Listed records:
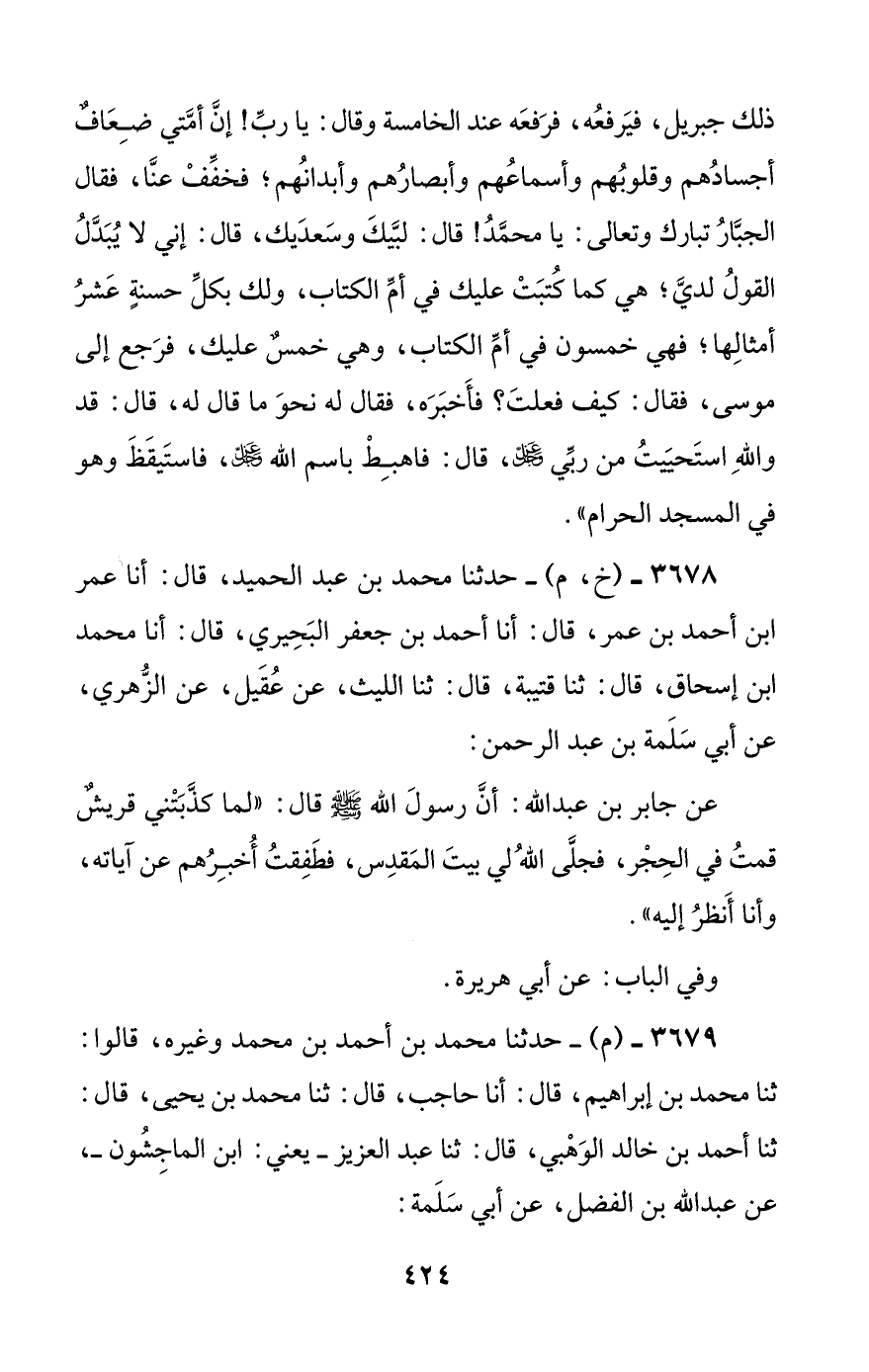 3678 - (خ، م) - حدثنا محمد بن عبد الحميد، قال: أنا عمر بن أحمد بن عمر، قال: أنا أحمد بن جعفر البحيري، قال: أنا محمد بن إسحاق، قال: ثنا قتيبة، قال: ثنا الليث، عن عقيل، عن الزهري، عن أبي سلمة بن عبد الرحمن:
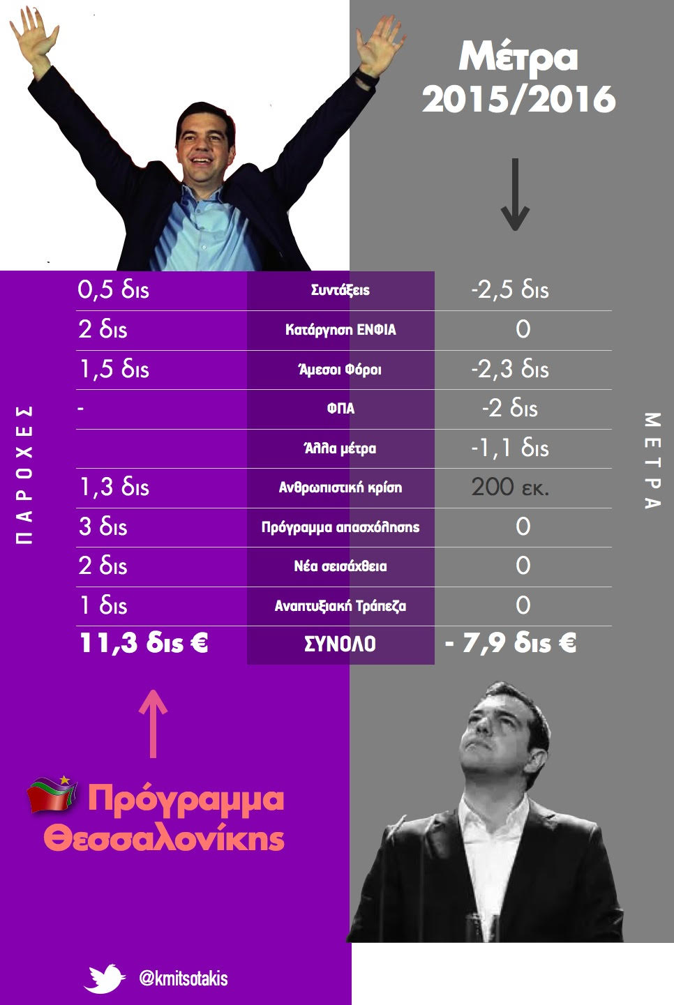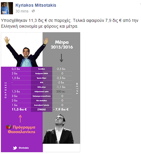 Δημόσια ανάρτηση έκανε στο προσωπικό του λογαριασμό στο facebook, ο κοινοβουλευτικός εκπρόσωπος της Νέας Δημοκρατίας, Κυριάκος Μητσοτάκης, συγκρίνοντας τα όσα υποσχέθηκε το κόμμα του ΣΥΡΙΖΑ, στη Διεθνή Έκθεση της Θεσσαλονίκης και σε όσα μέτρα τελικά φαίνεται να παίρνει, σύμφωνα με τις τελευταίες εξελίξεις των διαπραγματεύσεων.
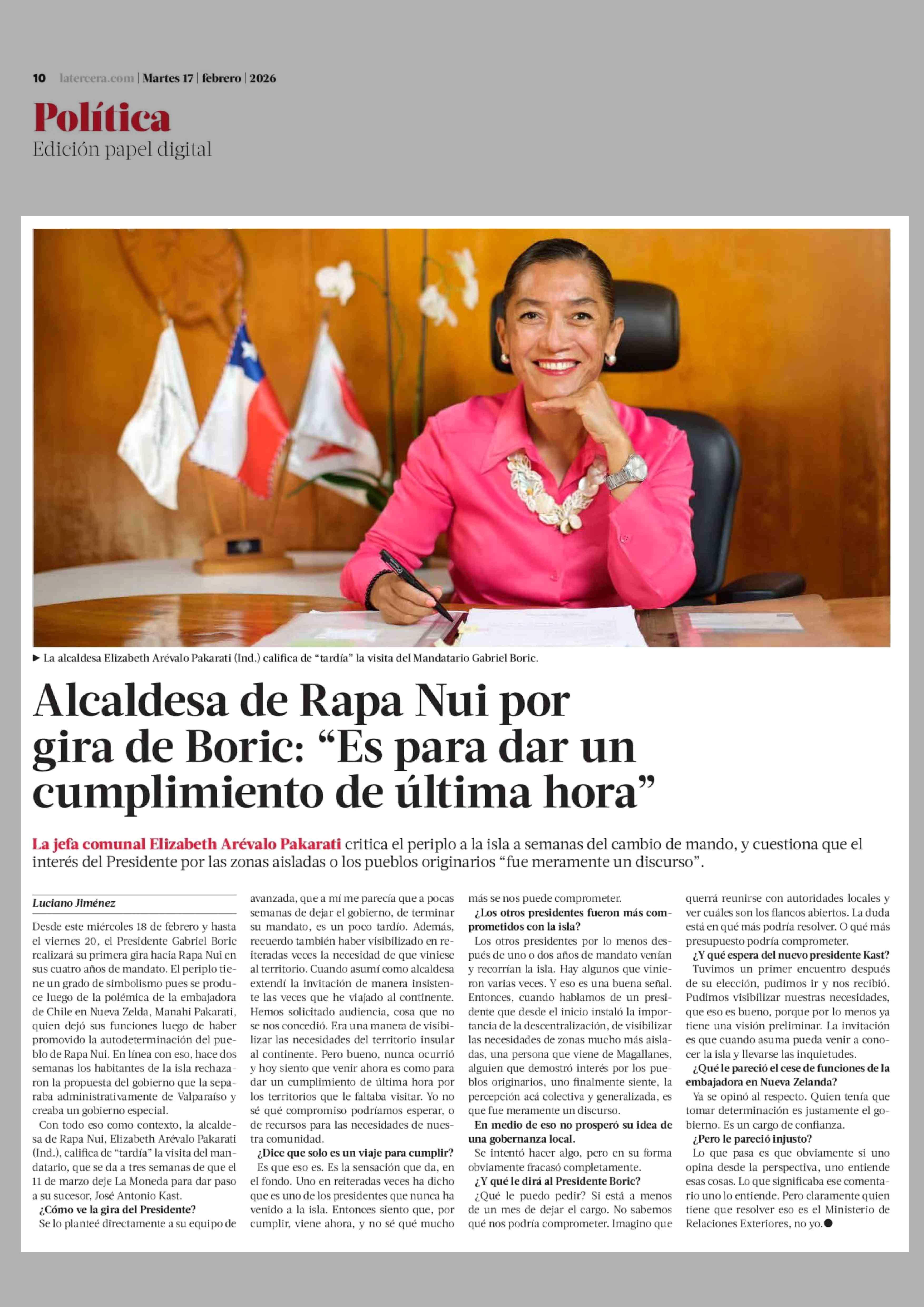 Título: Alcaldesa de Rapa Nui por gira de Boric: "Es para dar un cumplimiento de última hora"
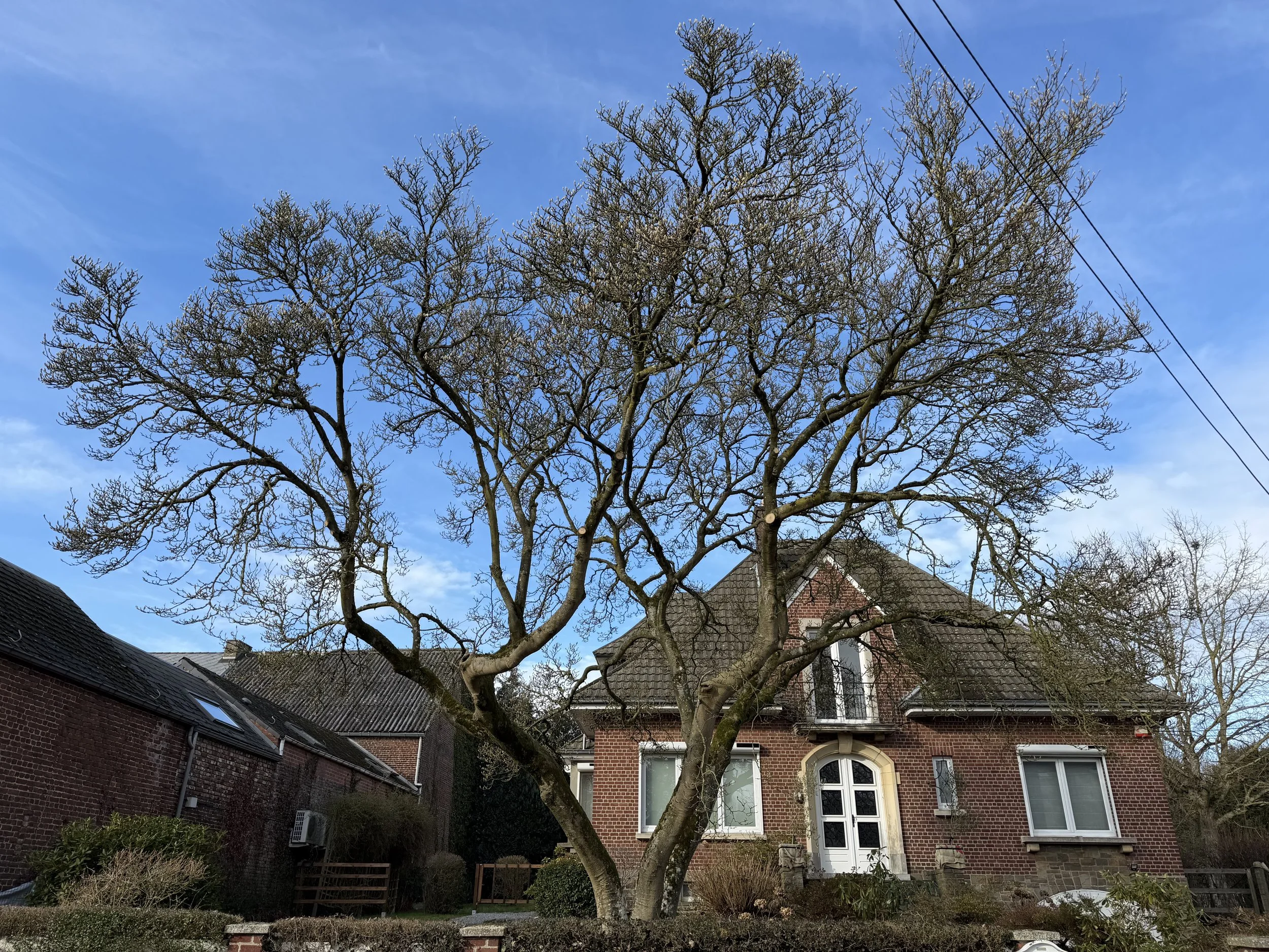 La proximité de lignes électriques ainsi qu’une rue particulièrement convoitée à proximité de cet arbre nécessitaient un élagage de celui-ci tout en conservant ce magnifique port qui lui est propre.
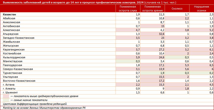 Самые низкие показатели — в Жамбылской и Алматинской областях. Однако аналитики предполагают, что это может быть связано не с лучшим здоровьем, а с трудностями доступа к медосмотрам для сельских детей.
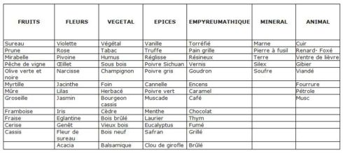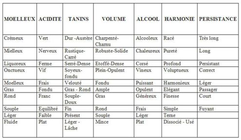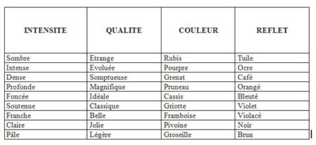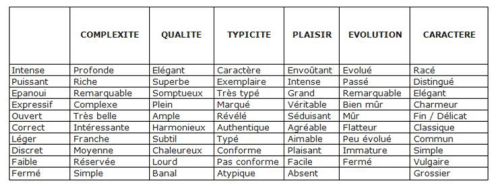 Fiche de dégustation des vins rouges / exemple de vocabulaire
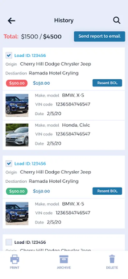 Are you looking for a load that is the most suitable for you? Are you a hotshot car hauler or working for the company? Use GOFORIT for Transporters to check available loads near you, Send offers, Accept rates, or negotiate them. Contact dealers or brokers directly from the app. Simply switch on/off your availability on the map so dealers and brokers will/will not see where you currently are to send you loads. Set your searching criteria, such as minimum $ per mile per car, number of cars you can take, are you willing to take INOPs or not, do you have an enclosed trailer? Once the load is booked you will get all required information instantly, then you can contact pickup and destination parties, inspect the vehicle, obtain electronic proof of pickup or delivery. Our inspection diagram is the easiest to use and very helpful whether you are transporting old vehicles not requiring thorough inspection or expensive vehicles when you are required to mark damages by sizes and exact location. If you are an owner-operator working for your own company GOFORIT App is an absolutely great tool to track payments, simply mark paid loads as green and unpaid as red, GOFORIT history page provides statistics on how much you make as a driver or owner-operator.
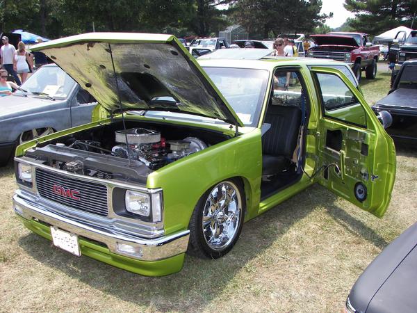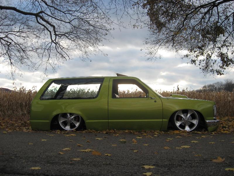 shaved: spare tire rack, handles, roof rack, body lines, emblems, roof seams, wiper cowl. Caddilac tail lights, 2nd gen s10 roll pan with 2nd gen rear s10 bedsides, suicide doors, shaker hood scoop, metal rocker extensions, toyota bumper, sunroof, all clear glass, much more but i forget...
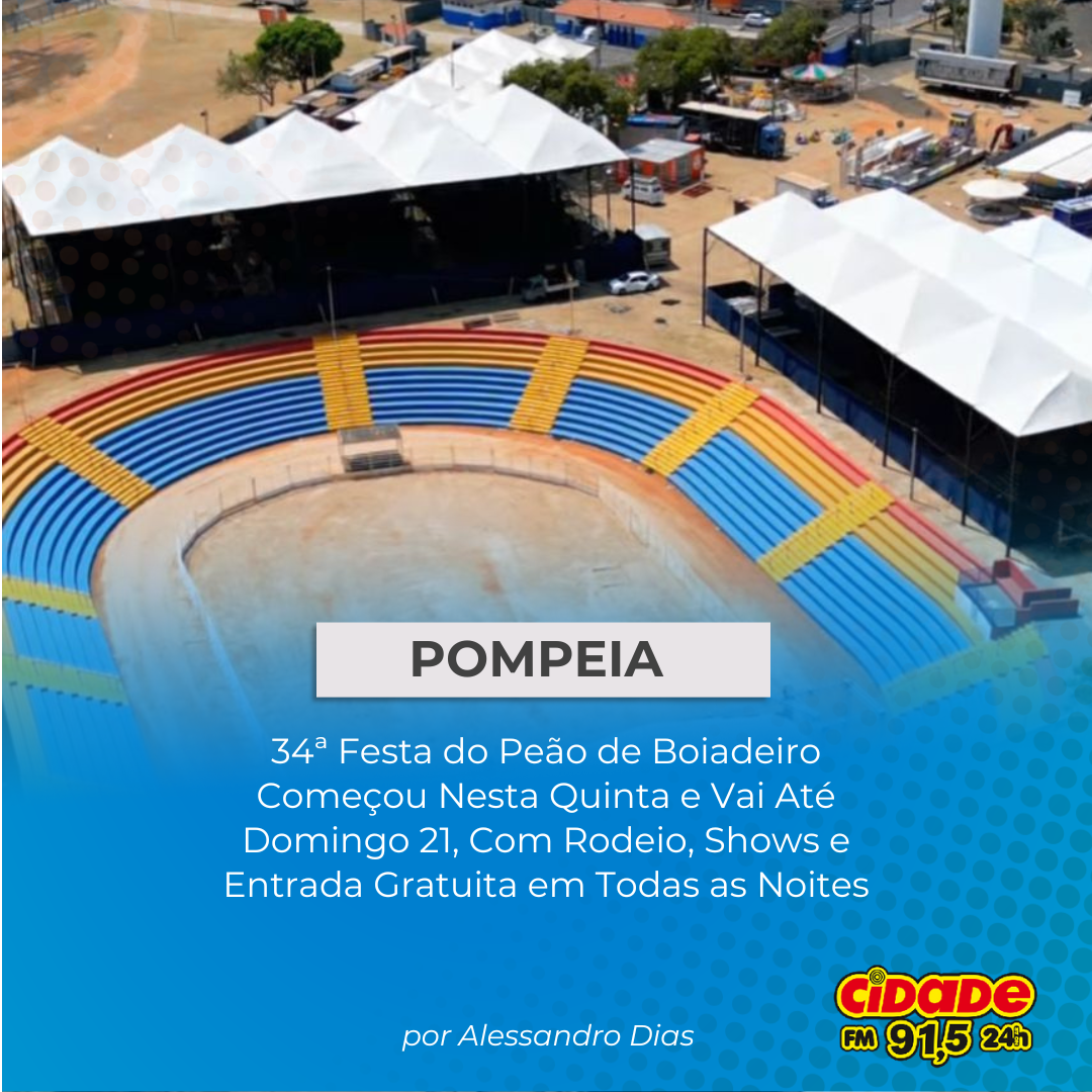 Geral POMPEIA: 34ª Festa do Peão de Boiadeiro Começou Nesta Quinta e Vai Até Domingo 21, Com Rodeio, Shows e Entrada Gratuita em Todas as Noites 19 de setembro de 2025 Nenhum comentário
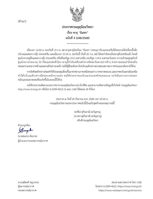 อนึ่ง พายุโซนร้อน "มิแทก" บริเวณทะเลมณฑลกวางตุ้ง ประเทศจีน ได้อ่อนกําลังลงเป็นพายุดีเปรสชันแล้ว คาดว่าจะอ่อนกําลังลงเป็นหย่อมความกดอากาศต่ําและสลายตัวอย่างรวดเร็ว ขอให้ผู้ที่จะเดินทางไปบริเวณดังกล่าวตรวจสอบสภาพอากาศก่อนออกเดินทางไว้ด้วย

What is being asked:
Please leave out the pictures while you copy exactly the lines from the one containing "shaved: spare tire" through the end of the records.

Task result:
 shaved: spare tire rack, handles, roof rack, body lines, emblems, roof seams, wiper cowl. Caddilac tail lights, 2nd gen s10 roll pan with 2nd gen rear s10 bedsides, suicide doors, shaker hood scoop, metal rocker extensions, toyota bumper, sunroof, all clear glass, much more but i forget...
 Geral POMPEIA: 34ª Festa do Peão de Boiadeiro Começou Nesta Quinta e Vai Até Domingo 21, Com Rodeio, Shows e Entrada Gratuita em Todas as Noites 19 de setembro de 2025 Nenhum comentário
 อนึ่ง พายุโซนร้อน "มิแทก" บริเวณทะเลมณฑลกวางตุ้ง ประเทศจีน ได้อ่อนกําลังลงเป็นพายุดีเปรสชันแล้ว คาดว่าจะอ่อนกําลังลงเป็นหย่อมความกดอากาศต่ําและสลายตัวอย่างรวดเร็ว ขอให้ผู้ที่จะเดินทางไปบริเวณดังกล่าวตรวจสอบสภาพอากาศก่อนออกเดินทางไว้ด้วย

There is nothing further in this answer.